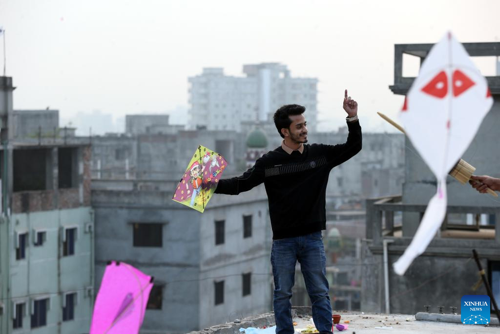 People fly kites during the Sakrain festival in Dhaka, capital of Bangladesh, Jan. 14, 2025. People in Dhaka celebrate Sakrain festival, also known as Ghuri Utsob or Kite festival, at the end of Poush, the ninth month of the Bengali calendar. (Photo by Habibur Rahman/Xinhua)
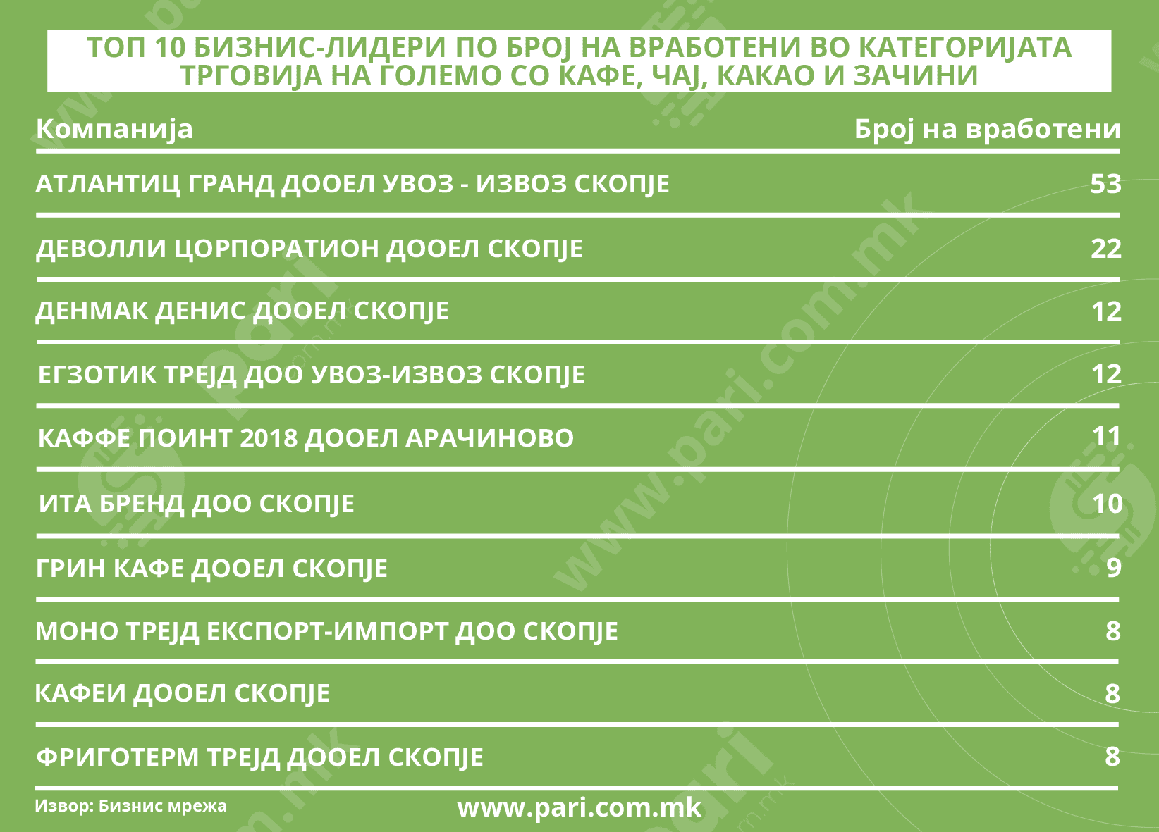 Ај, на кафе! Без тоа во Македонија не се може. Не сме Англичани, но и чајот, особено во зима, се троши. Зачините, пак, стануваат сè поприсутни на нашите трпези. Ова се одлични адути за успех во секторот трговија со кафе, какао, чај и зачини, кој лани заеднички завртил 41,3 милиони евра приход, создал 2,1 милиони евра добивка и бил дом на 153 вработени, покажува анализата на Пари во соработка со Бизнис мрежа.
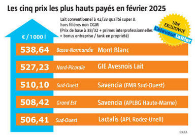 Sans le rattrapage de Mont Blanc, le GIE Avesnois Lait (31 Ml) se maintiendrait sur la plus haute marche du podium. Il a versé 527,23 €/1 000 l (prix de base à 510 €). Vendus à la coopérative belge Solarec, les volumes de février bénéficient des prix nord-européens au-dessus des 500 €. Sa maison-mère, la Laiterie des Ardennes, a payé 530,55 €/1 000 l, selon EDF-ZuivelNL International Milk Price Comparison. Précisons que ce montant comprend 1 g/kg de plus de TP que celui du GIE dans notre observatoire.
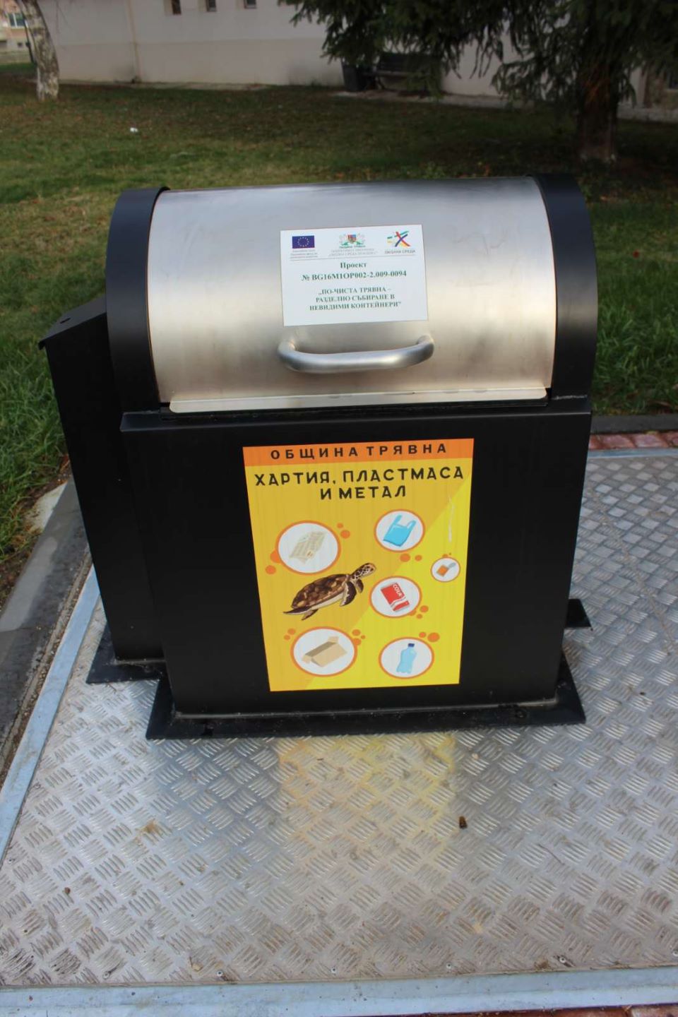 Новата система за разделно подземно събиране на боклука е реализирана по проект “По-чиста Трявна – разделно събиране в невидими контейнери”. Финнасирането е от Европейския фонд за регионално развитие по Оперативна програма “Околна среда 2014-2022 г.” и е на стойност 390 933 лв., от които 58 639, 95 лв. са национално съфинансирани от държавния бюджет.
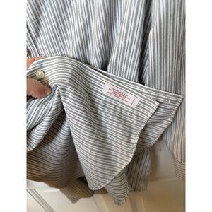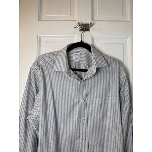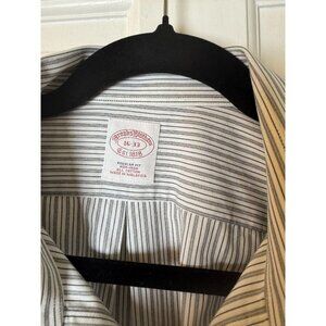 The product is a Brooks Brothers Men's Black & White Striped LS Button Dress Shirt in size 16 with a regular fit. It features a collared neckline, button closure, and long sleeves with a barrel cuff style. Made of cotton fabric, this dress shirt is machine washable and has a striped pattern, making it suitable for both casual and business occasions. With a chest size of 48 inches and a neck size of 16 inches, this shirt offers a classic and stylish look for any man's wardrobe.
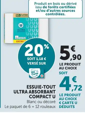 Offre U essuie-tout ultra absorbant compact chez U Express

━━━━

- To do -
Your answer must restate the entries word for word and contain no pictures.

- Finished exercise -
 People fly kites during the Sakrain festival in Dhaka, capital of Bangladesh, Jan. 14, 2025. People in Dhaka celebrate Sakrain festival, also known as Ghuri Utsob or Kite festival, at the end of Poush, the ninth month of the Bengali calendar. (Photo by Habibur Rahman/Xinhua)
 Ај, на кафе! Без тоа во Македонија не се може. Не сме Англичани, но и чајот, особено во зима, се троши. Зачините, пак, стануваат сè поприсутни на нашите трпези. Ова се одлични адути за успех во секторот трговија со кафе, какао, чај и зачини, кој лани заеднички завртил 41,3 милиони евра приход, создал 2,1 милиони евра добивка и бил дом на 153 вработени, покажува анализата на Пари во соработка со Бизнис мрежа.
 Sans le rattrapage de Mont Blanc, le GIE Avesnois Lait (31 Ml) se maintiendrait sur la plus haute marche du podium. Il a versé 527,23 €/1 000 l (prix de base à 510 €). Vendus à la coopérative belge Solarec, les volumes de février bénéficient des prix nord-européens au-dessus des 500 €. Sa maison-mère, la Laiterie des Ardennes, a payé 530,55 €/1 000 l, selon EDF-ZuivelNL International Milk Price Comparison. Précisons que ce montant comprend 1 g/kg de plus de TP que celui du GIE dans notre observatoire.
 Новата система за разделно подземно събиране на боклука е реализирана по проект “По-чиста Трявна – разделно събиране в невидими контейнери”. Финнасирането е от Европейския фонд за регионално развитие по Оперативна програма “Околна среда 2014-2022 г.” и е на стойност 390 933 лв., от които 58 639, 95 лв. са национално съфинансирани от държавния бюджет.
 The product is a Brooks Brothers Men's Black & White Striped LS Button Dress Shirt in size 16 with a regular fit. It features a collared neckline, button closure, and long sleeves with a barrel cuff style. Made of cotton fabric, this dress shirt is machine washable and has a striped pattern, making it suitable for both casual and business occasions. With a chest size of 48 inches and a neck size of 16 inches, this shirt offers a classic and stylish look for any man's wardrobe.
 Offre U essuie-tout ultra absorbant compact chez U Express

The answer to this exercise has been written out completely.